Have you ever faced this problem? You reached for a product that is packed in a larger quantity because it’s cheaper. But then you ended up being unable to finish it before its expiry or best before date? I sometimes face this issue with yogurt as I’m the only one eating it at home. But I’m not worried – because I will simply use it in recipes that require sour cream or yogurt.
I already have a few yogurt cake recipes on the blog, but I really like this matcha yogurt cake variation. 1) It looks so beautiful baked into a tall loaf. 2) The chopped dark chocolate goes surprisingly well with the matcha flavour. Do use a really good-quality fresh matcha powder for a strong and delicious matcha flavour. Some other notes on the recipe:
1) Sift the dry ingredients into a separate bowl and then whisk it well.

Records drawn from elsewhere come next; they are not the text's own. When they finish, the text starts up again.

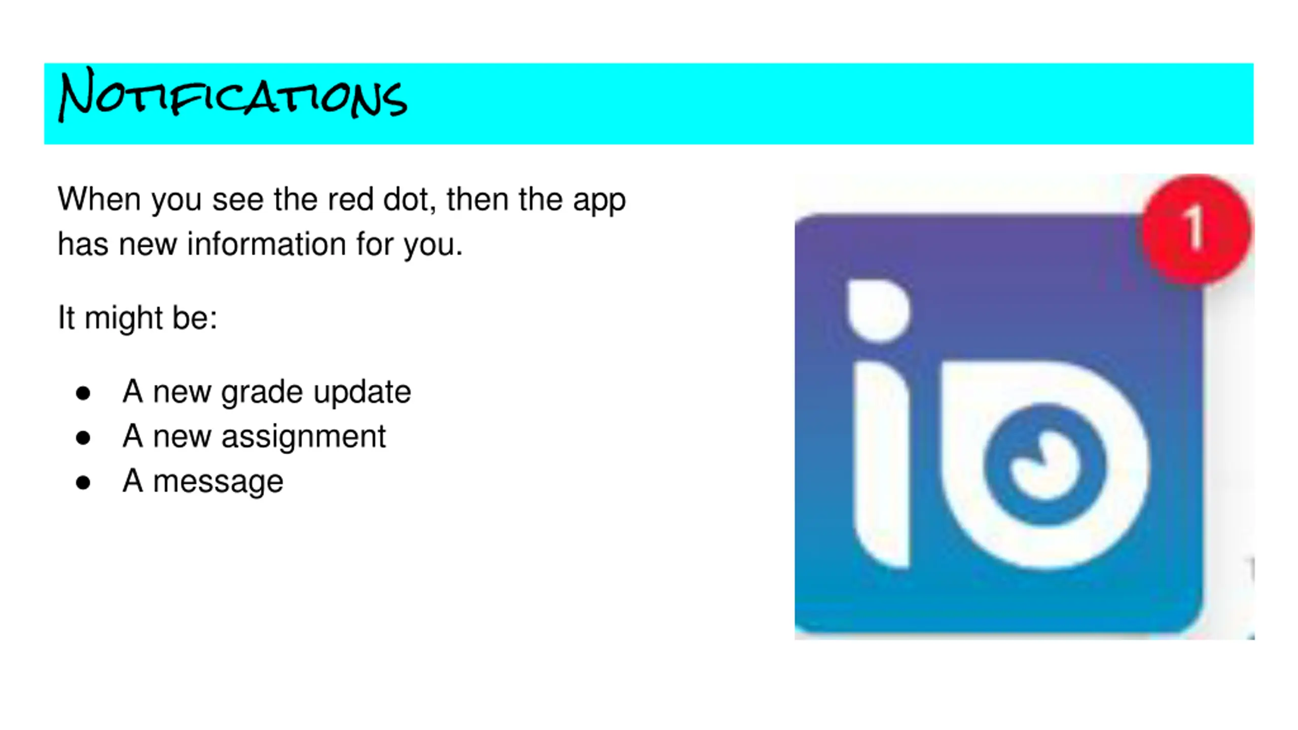 Notifications When you see the red dot, then the app has new information for you. It might be: A new grade update A new assignment A message
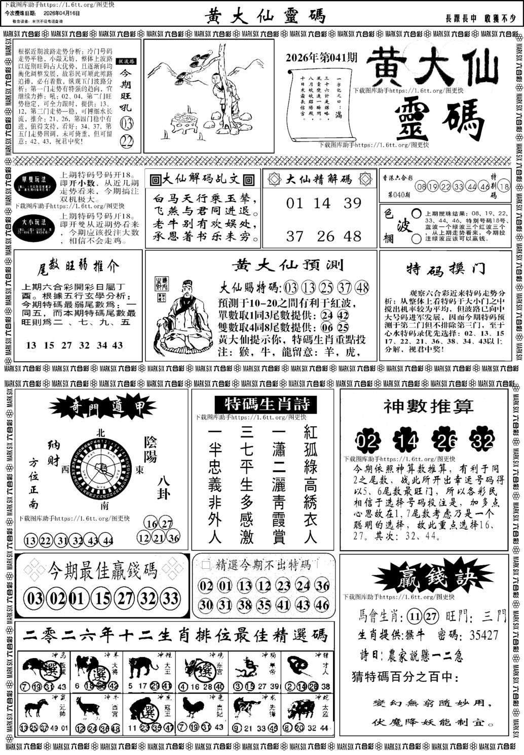 s023 黄大仙灵码二合一
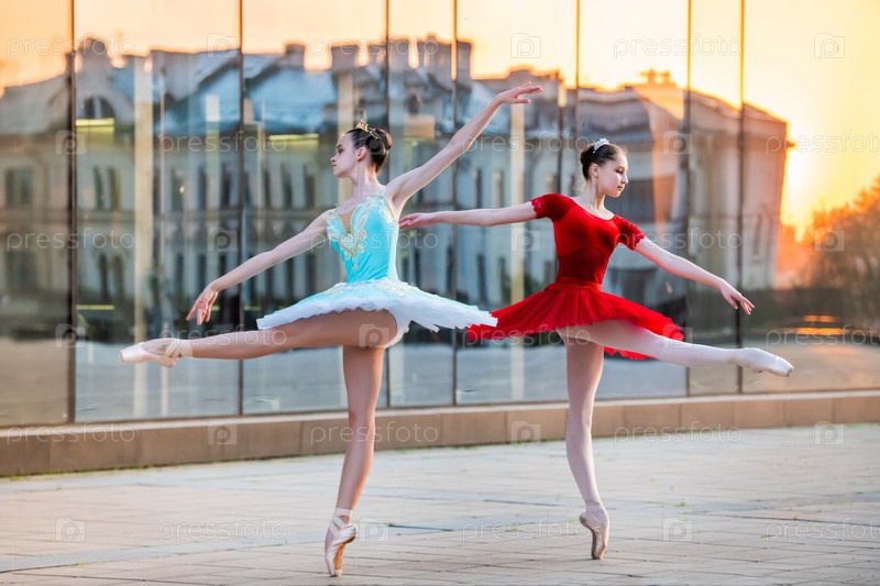Две молодые балерины в ярко-красной и синей пачке танцуют на фоне отражения городского заката

Yogurt cakes are easy because no mixer is required and it could be a one-bowl recipe if you sift the dry ingredients directly into the cake batter, but nowadays I prefer to take this additional step to ensure that the raising agents (baking powder and baking soda) are evenly mixed and distributed throughout the dry ingredients and hence batter. If the raising agents are not evenly distributed, you may get an unpleasant metallic taste in some parts of the cake. If you find that your cakes sometimes have an unpleasant metallic taste, switch to an aluminum-free baking powder and take the extra effort to sift and whisk the dry ingredients.
2) Plain, Greek-Style Yogurt
I am using plain, greek-style yogurt from Farmers Union brand. I personally find this brand more tasty than other brands. This brand’s yogurt is also thicker in consistency. Other yogurt brands seem to be a bit more watery than Farmers Union, so you may have to reduce the amount of yogurt used if your cake is ending up too dense and gummy. If you are using flavoured yogurt – take note to reduce the sugar as flavoured yogurt tends to be packed with sugar.
For my next attempt, I may incorporate anko (sweetened red bean paste), and sprinkle a little black sesame seeds on the batter before baking for an even more Japanese-inspired taste. I will let you know how it goes…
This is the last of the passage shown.